Are all kids like this or is it just mine? It's not that I'm easy on them or anything. My boys know if they want to see steam coming out of my ears, just think about talking to me during a business call. Even if I'm in an hour-long conference call, staring off into space, I might be listening to the most important piece of information I've heard all week! And if I miss it, there is no rewind button. This isn't Tivo. I can't just wind it back 2 minutes and find out what the deadline is on the "do this or die" project. And I'm sure not going to be the turkey who pipes up and interrupts my boss in front of my whole department to tell her that I missed that vital piece of information, while my son was trying to tell me he wants to go play with the kid across the street. The same kid who is still going to be there an hour from now, a day from now, or a week from now!

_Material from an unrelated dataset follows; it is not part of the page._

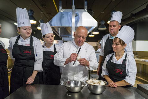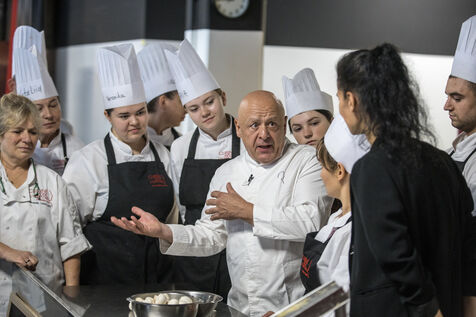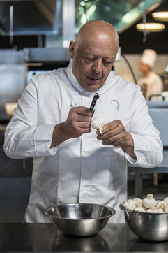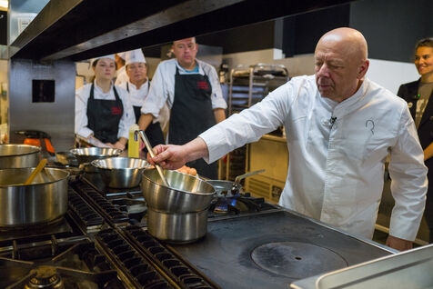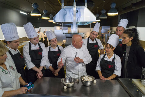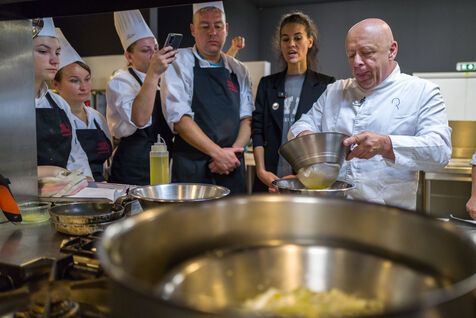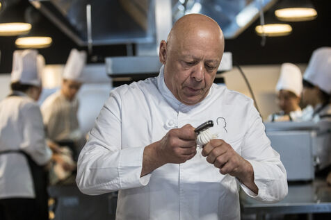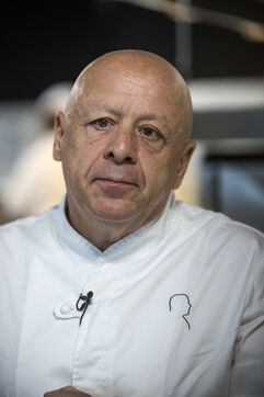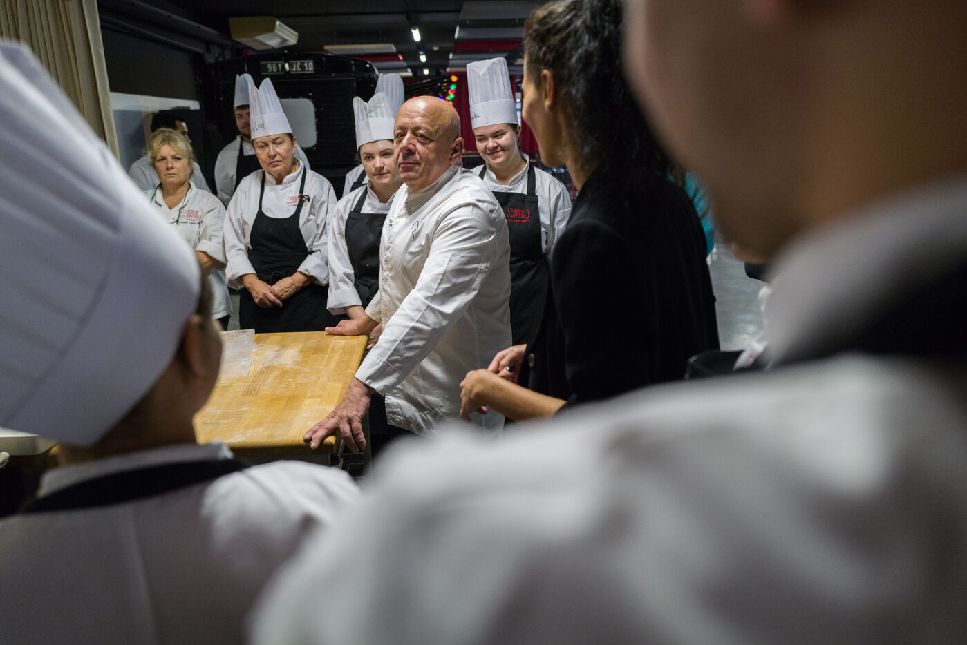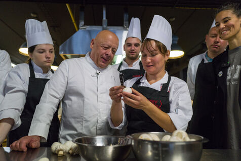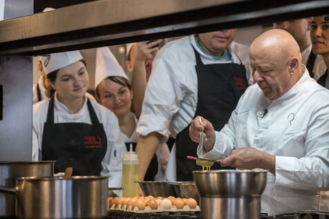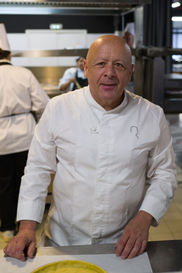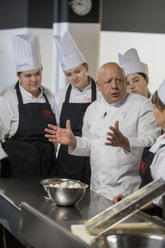 France, Toulouse, 2024-10-04. The French businessman and chef Thierry Marx during his time at the Cuisine et instructions school where he cooked with Ukrainian students.

And my husband is even worse than the kids. He doesn't believe that I may have someone important standing there in my office, or that I may be rushing out a report with a 5 minute deadline, or that I'm trying to squeeze in a few minutes of work between 3 back-to-back meetings, when he wants to talk to me, he just assumes I'm available. Typical conversation:
"Hi, myboss'sbossisontheotherline,andI'vegotameetingin2minutes. Ican'ttalkrightnow!"
"Oh OK, well, since I've got you on the phone....."
Oh man, I need a vacation. In a yurt. In Mongolia. Where there is no phone, fax machine, or E-mail. I've got to get away from these people!